#### Problem to solve:
Leaving all pictures out, output exactly and only the line containing "- выдачи наличных" and the lines that follow it to the end of the material below.

#### Listed entries:
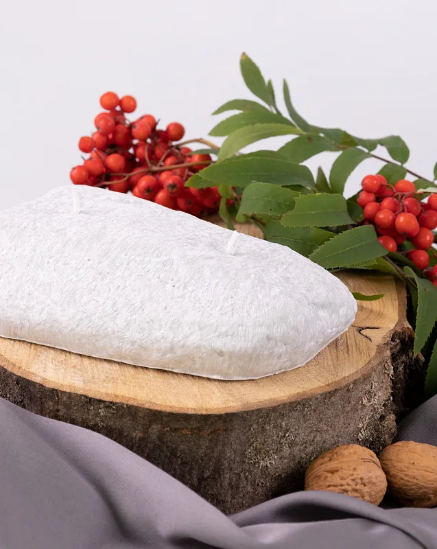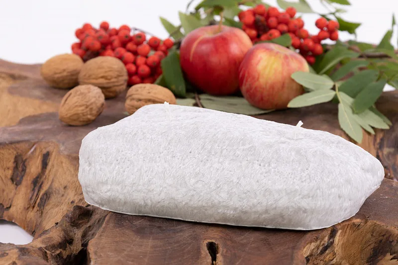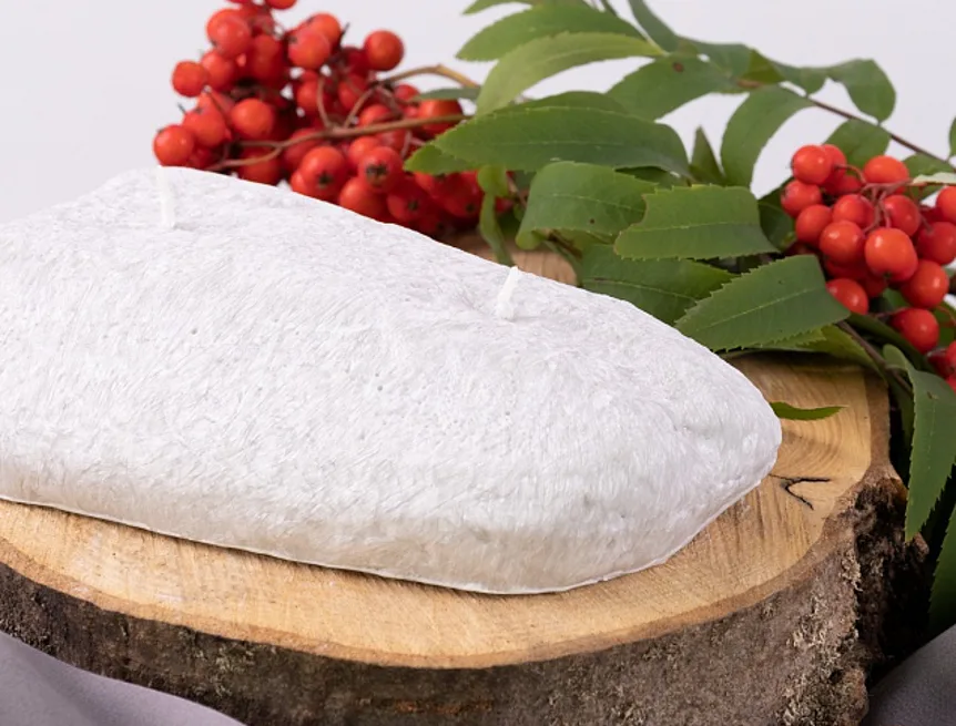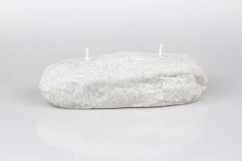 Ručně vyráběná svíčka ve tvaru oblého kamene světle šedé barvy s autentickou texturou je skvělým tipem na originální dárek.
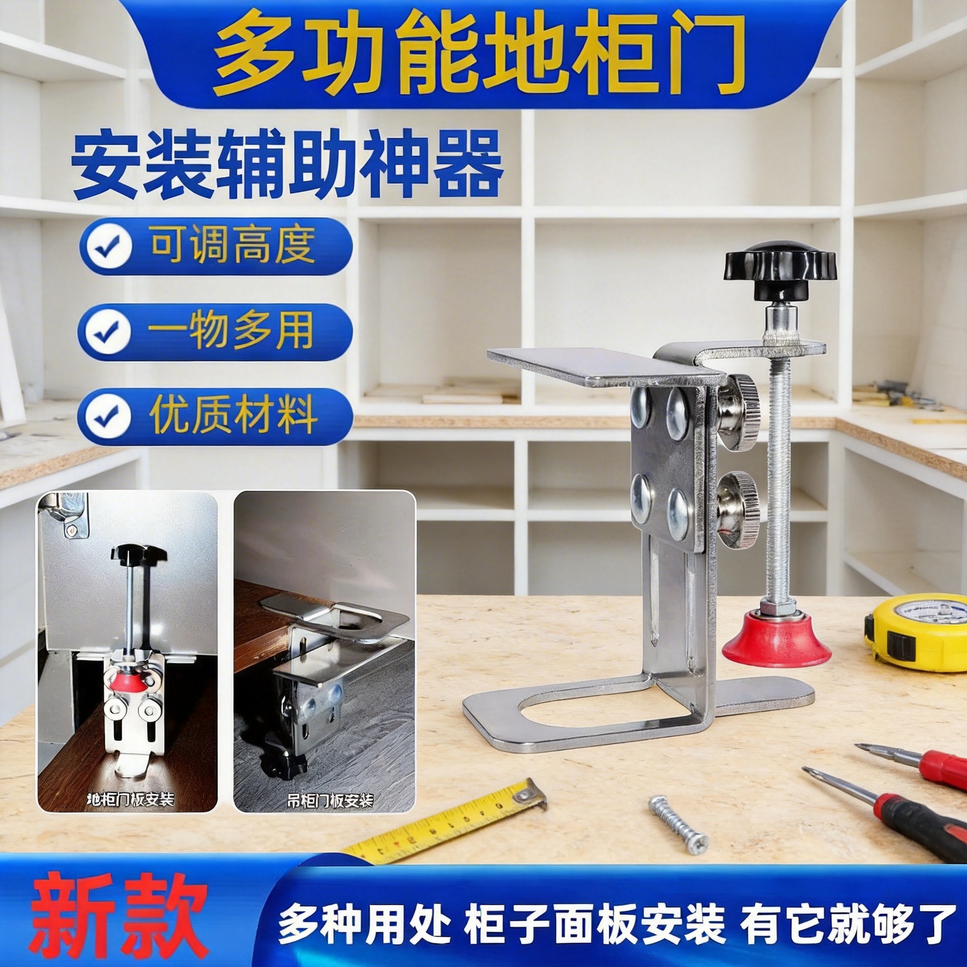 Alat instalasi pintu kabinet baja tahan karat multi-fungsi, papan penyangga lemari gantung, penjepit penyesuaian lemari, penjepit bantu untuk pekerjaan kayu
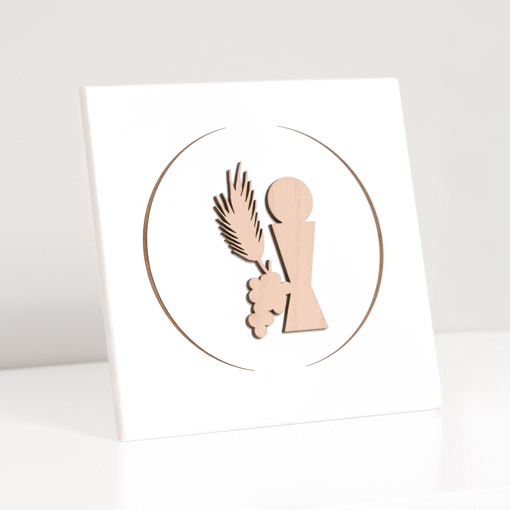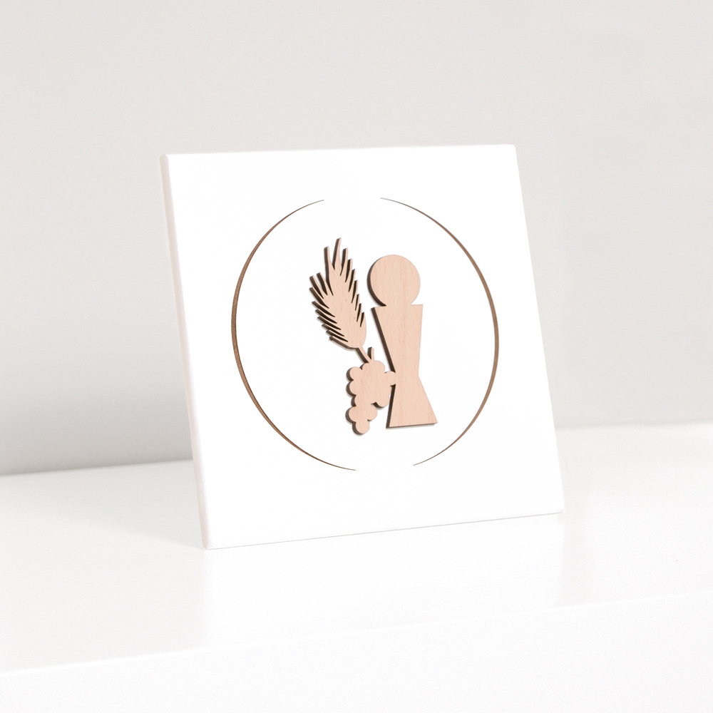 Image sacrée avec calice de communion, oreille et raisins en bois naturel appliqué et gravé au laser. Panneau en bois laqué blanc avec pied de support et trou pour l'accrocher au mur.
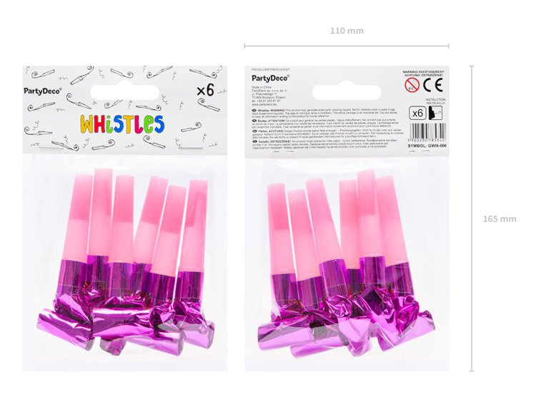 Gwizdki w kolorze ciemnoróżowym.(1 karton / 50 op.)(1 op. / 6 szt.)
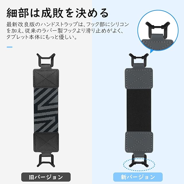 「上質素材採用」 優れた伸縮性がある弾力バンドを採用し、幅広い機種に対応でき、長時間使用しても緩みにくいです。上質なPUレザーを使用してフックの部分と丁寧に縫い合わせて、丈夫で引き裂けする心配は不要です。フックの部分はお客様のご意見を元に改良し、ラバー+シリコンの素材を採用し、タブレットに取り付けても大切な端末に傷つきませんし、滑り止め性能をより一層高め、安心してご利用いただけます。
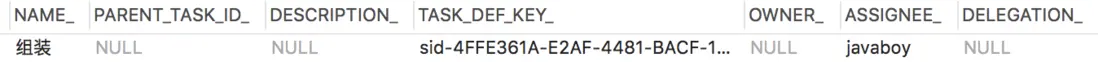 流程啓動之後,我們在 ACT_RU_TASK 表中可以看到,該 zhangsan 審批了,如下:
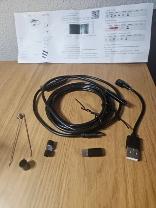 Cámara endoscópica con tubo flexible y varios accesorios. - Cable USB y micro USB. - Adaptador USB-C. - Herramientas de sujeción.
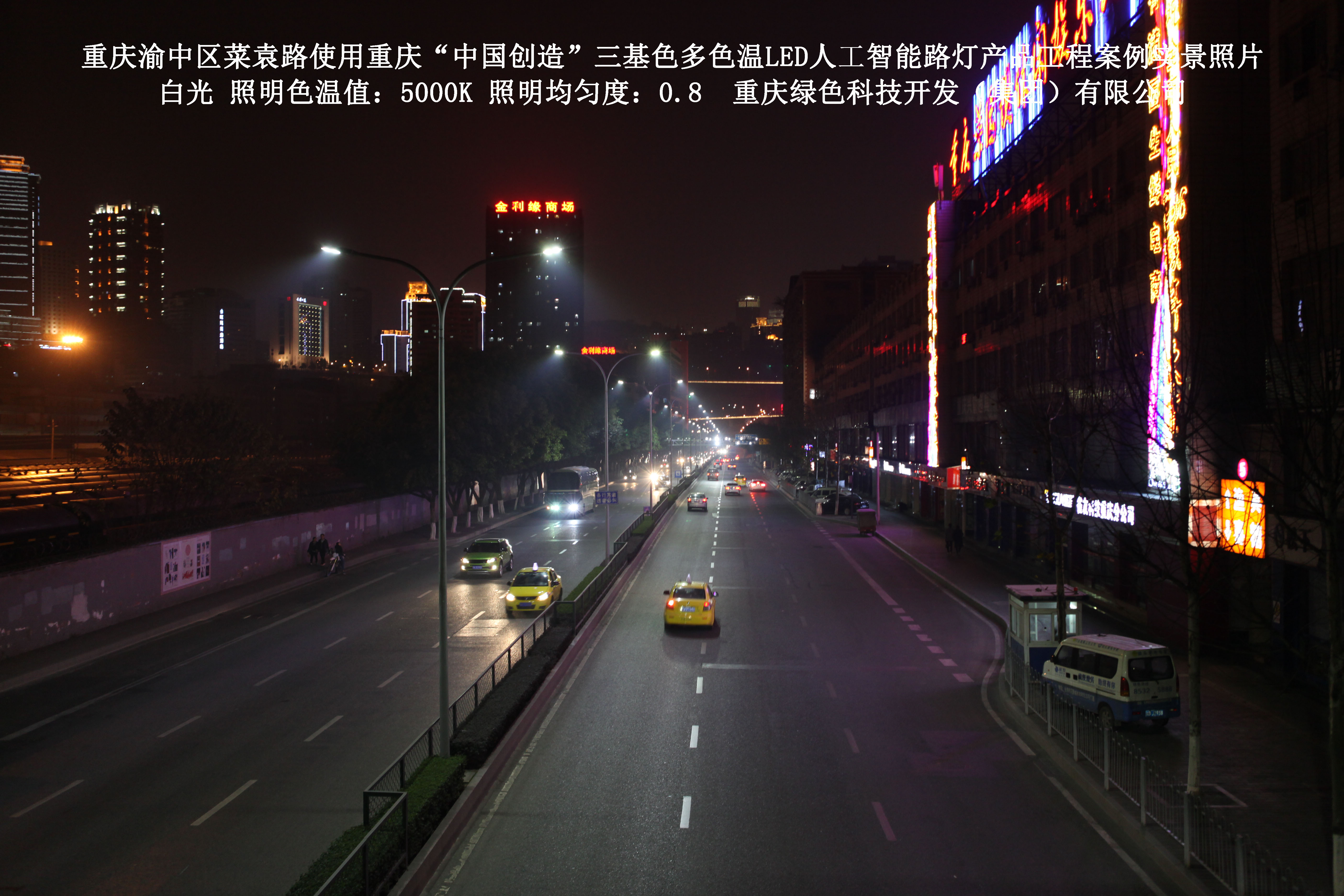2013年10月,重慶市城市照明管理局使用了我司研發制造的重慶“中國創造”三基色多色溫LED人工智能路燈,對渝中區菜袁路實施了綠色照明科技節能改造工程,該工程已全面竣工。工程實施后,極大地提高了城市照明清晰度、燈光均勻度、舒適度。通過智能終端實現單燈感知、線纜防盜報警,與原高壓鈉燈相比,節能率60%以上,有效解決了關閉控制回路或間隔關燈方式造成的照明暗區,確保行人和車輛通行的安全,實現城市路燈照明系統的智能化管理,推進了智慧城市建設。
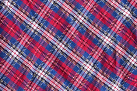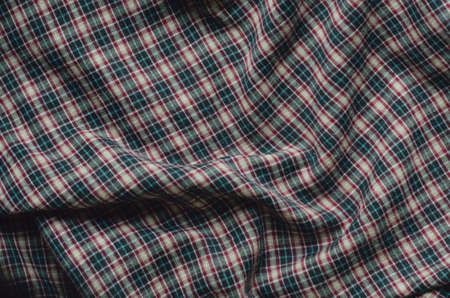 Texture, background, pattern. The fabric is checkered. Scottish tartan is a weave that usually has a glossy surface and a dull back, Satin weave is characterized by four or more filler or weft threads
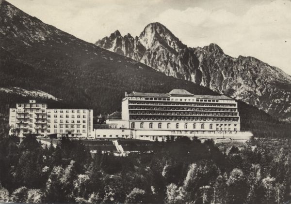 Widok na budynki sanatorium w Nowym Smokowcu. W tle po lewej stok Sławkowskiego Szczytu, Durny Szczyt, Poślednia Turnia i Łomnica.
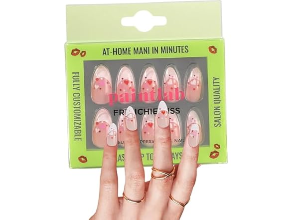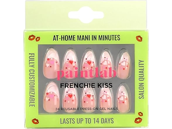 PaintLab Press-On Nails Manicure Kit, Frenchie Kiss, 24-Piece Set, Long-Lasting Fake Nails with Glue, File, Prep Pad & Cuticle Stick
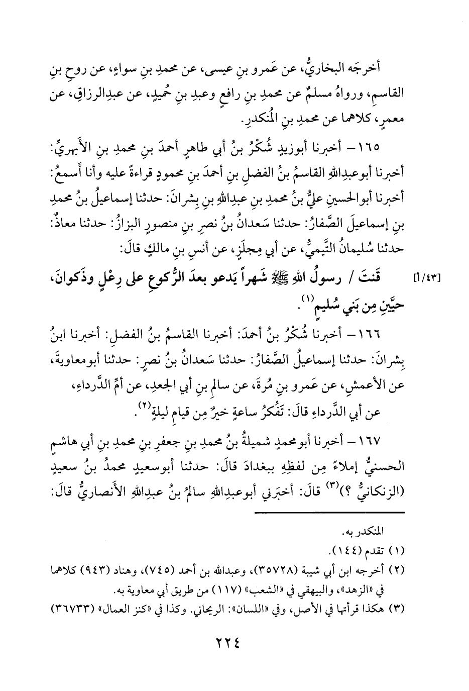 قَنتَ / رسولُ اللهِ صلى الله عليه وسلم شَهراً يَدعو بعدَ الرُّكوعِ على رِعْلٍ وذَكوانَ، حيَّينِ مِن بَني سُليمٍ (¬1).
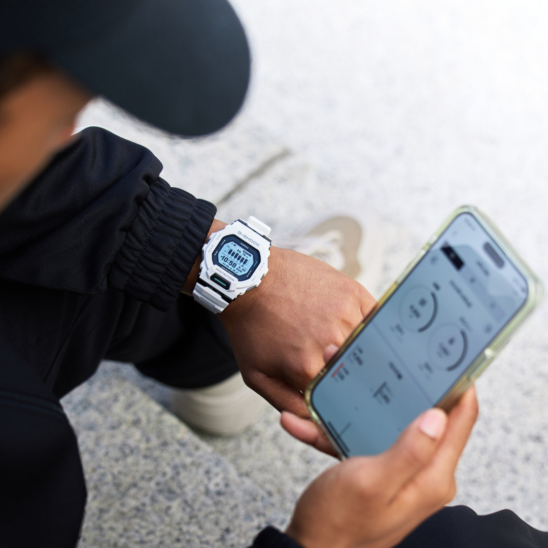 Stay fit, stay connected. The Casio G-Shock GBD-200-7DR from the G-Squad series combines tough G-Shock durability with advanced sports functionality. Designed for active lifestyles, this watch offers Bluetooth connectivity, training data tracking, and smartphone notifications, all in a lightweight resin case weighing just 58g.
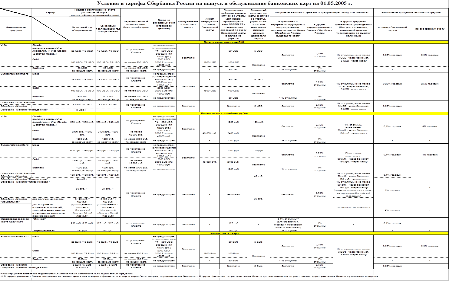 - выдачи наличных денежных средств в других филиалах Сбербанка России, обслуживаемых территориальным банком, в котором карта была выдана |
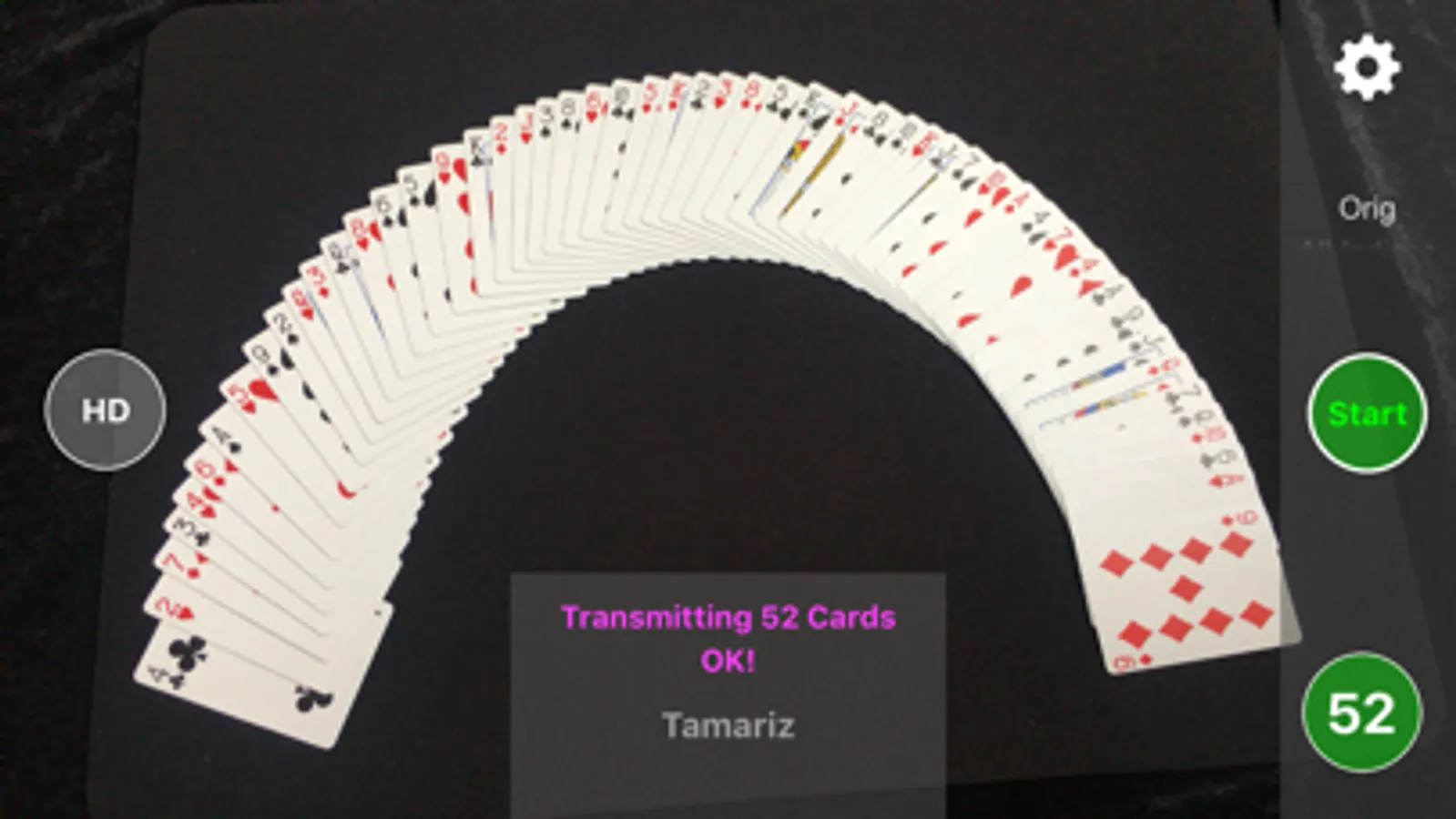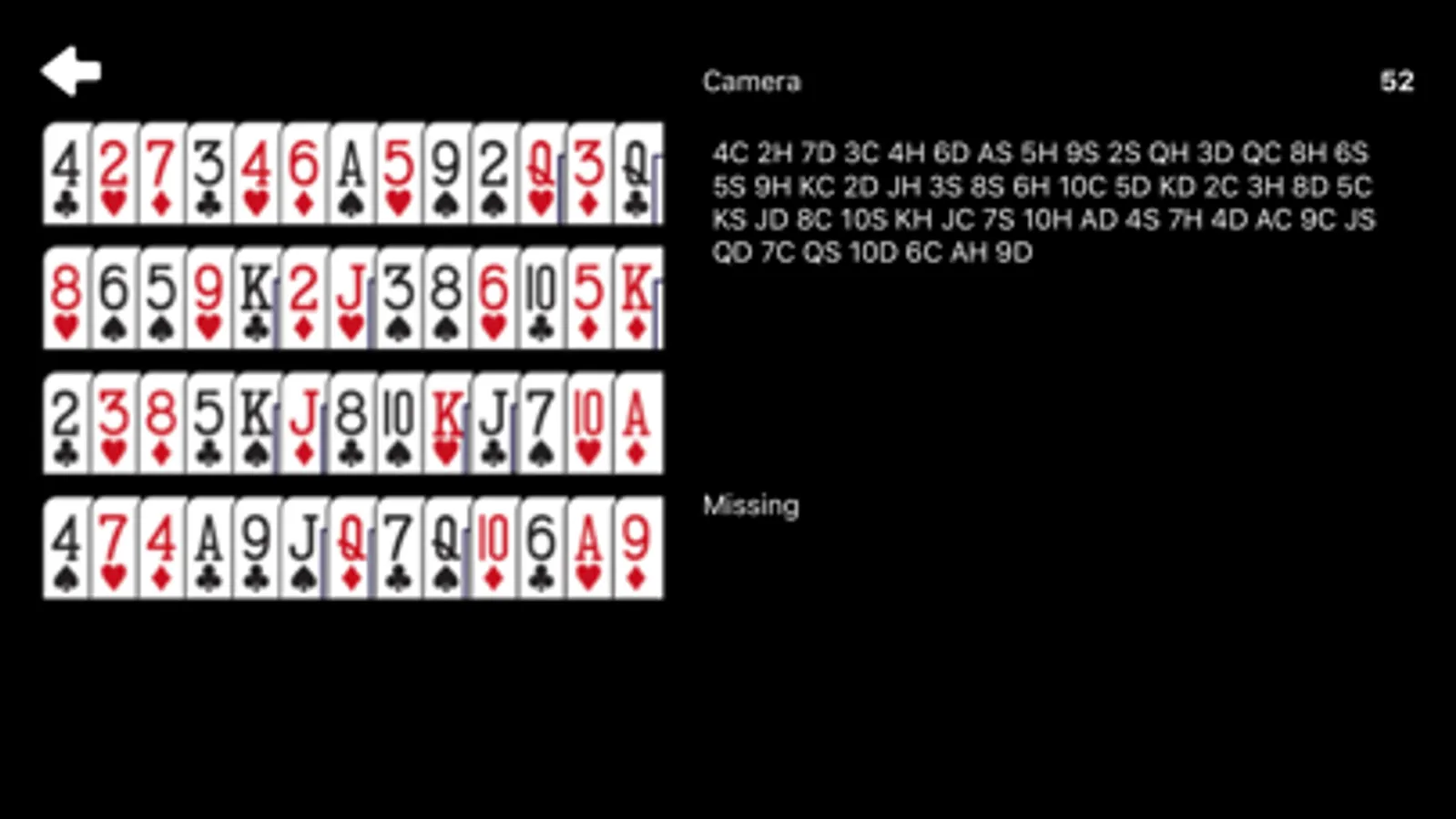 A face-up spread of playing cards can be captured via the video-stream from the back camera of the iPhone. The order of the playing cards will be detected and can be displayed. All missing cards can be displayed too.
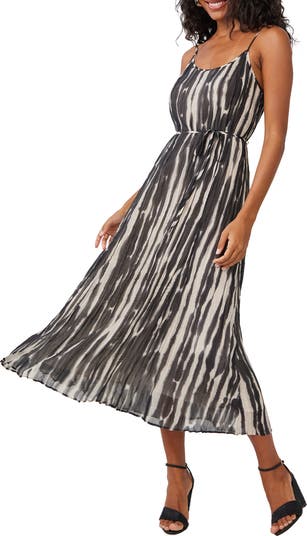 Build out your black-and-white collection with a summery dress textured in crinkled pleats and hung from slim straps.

#### Completed task:
 - выдачи наличных денежных средств в других филиалах Сбербанка России, обслуживаемых территориальным банком, в котором карта была выдана |
 A face-up spread of playing cards can be captured via the video-stream from the back camera of the iPhone. The order of the playing cards will be detected and can be displayed. All missing cards can be displayed too.
 Build out your black-and-white collection with a summery dress textured in crinkled pleats and hung from slim straps.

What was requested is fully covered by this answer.